Submitted to: Viruses
Publication Type: Peer Reviewed Journal
Publication Acceptance Date: 9/18/2024
Publication Date: 9/23/2024
Citation: Ramirez Medina, E., Velazquez Salinas, L., Valladares, A., Silva, E.B., Burton, L.J., Clark, J.A., Borca, M.V., Gladue, D.P. 2024. Evaluation of the deletion of African swine fever virus E111R gene from the Georgia isolate in virus replication and virulence in domestic pigs. Viruses. 16(9). Article 1502. https://doi.org/10.3390/v16091502.

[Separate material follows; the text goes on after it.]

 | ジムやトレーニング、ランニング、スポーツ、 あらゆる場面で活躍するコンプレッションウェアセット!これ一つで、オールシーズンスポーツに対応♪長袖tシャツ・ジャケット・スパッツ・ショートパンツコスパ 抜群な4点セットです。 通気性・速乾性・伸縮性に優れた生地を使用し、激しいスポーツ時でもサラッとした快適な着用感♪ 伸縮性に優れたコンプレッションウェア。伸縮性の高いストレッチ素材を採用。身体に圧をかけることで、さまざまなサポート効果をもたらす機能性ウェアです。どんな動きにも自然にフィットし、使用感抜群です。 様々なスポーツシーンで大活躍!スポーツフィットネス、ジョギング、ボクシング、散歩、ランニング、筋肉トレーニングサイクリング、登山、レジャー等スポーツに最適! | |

DOI: https://doi.org/10.3390/v16091502

Interpretive Summary: African swine fever virus (ASFV) is the causative agent for African swine fever, a large virus with over 180 different open reading frames, where it is unknown if the encoding gene is essential for ASFV growth in cell culture or for pathogenesis. Here we investigated one of those genes, E111R, by deleting it from the ASFV genome, and concluded that there was no change in virus growth in cell culture or virus pathogenesis.

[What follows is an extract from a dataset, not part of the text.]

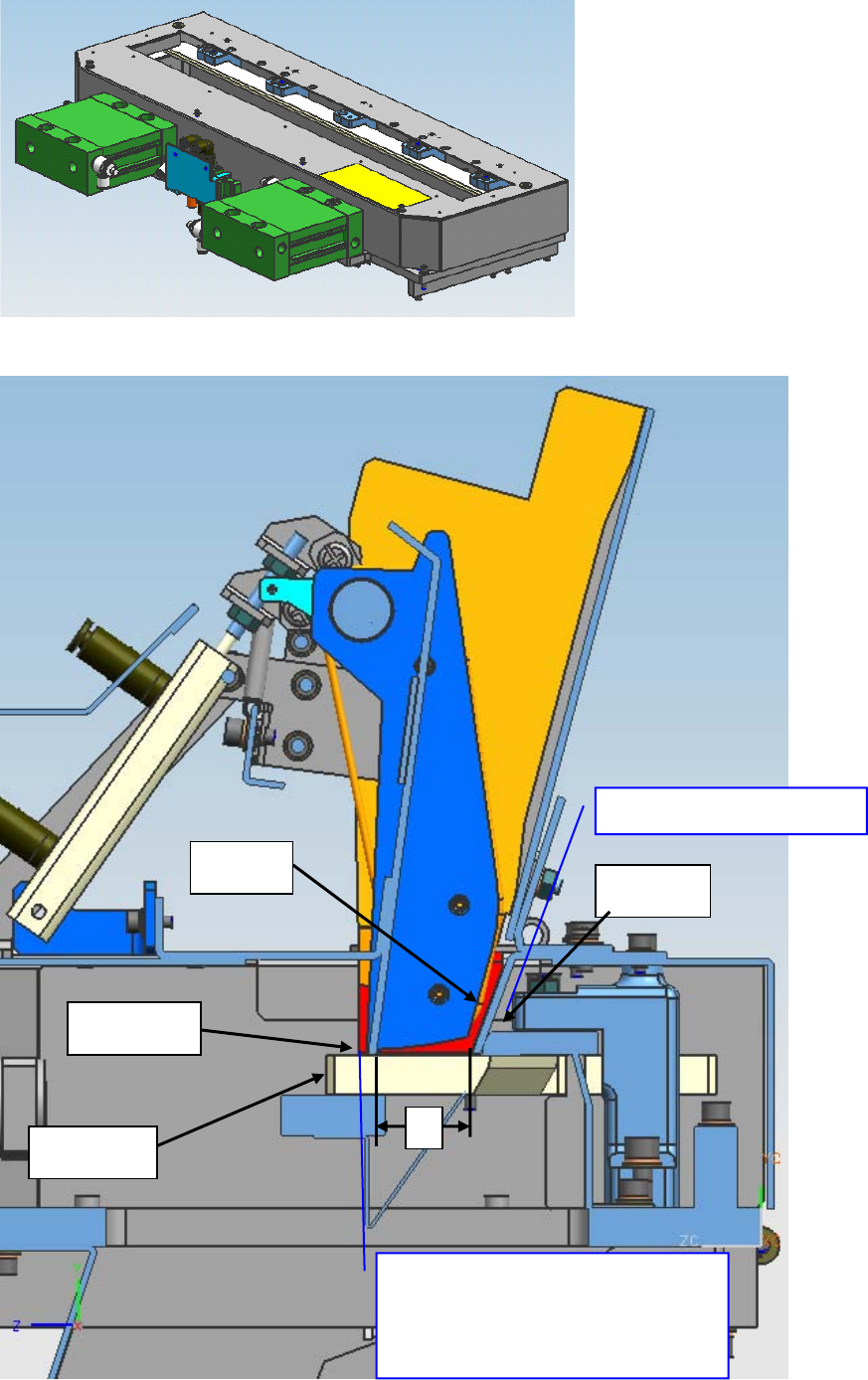 3 请打开切带机组合件的上导轨,以目视确认切带机的刀刃已关闭(如断开装置主体的电源,切带

Technical Abstract: African swine fever virus (ASFV) is the causative agent of an often-lethal disease of domestic pigs, African swine fever (ASF). ASF is currently a pandemic disease challenging pig production in Eurasia. While ASFV genome encodes for over 160 proteins, the function of most of them are still not characterized. Among those ASF genes with un-known function is E111R gene. It has been recently reported that deletion of E111R gene from the genome of the virulent Chinese field isolate SY18 strain produced a reduction of virus virulence when inoculated at a relatively low dose. Conversely, we report here that deletion of the ASFV gene E111R in the Georgia 2010 isolate does not alter the virulence of the parental virus in experimentally inoculated pigs. A recombinant virus lacking the E111R gene, ASFV-G-deltaE111R was intramuscularly (IM) inoculated in domestic pigs at a dose of 102 HAD50 of ASFV-G-deltaE111R, and compared with animals that received a similar dose of virulent ASFV-G. Both animals inoculated with either the recombinant ASFV-G-deltaE111R or the parental virus developed a fatal form of the disease being euthanized around the 6th-7th day post inoculation.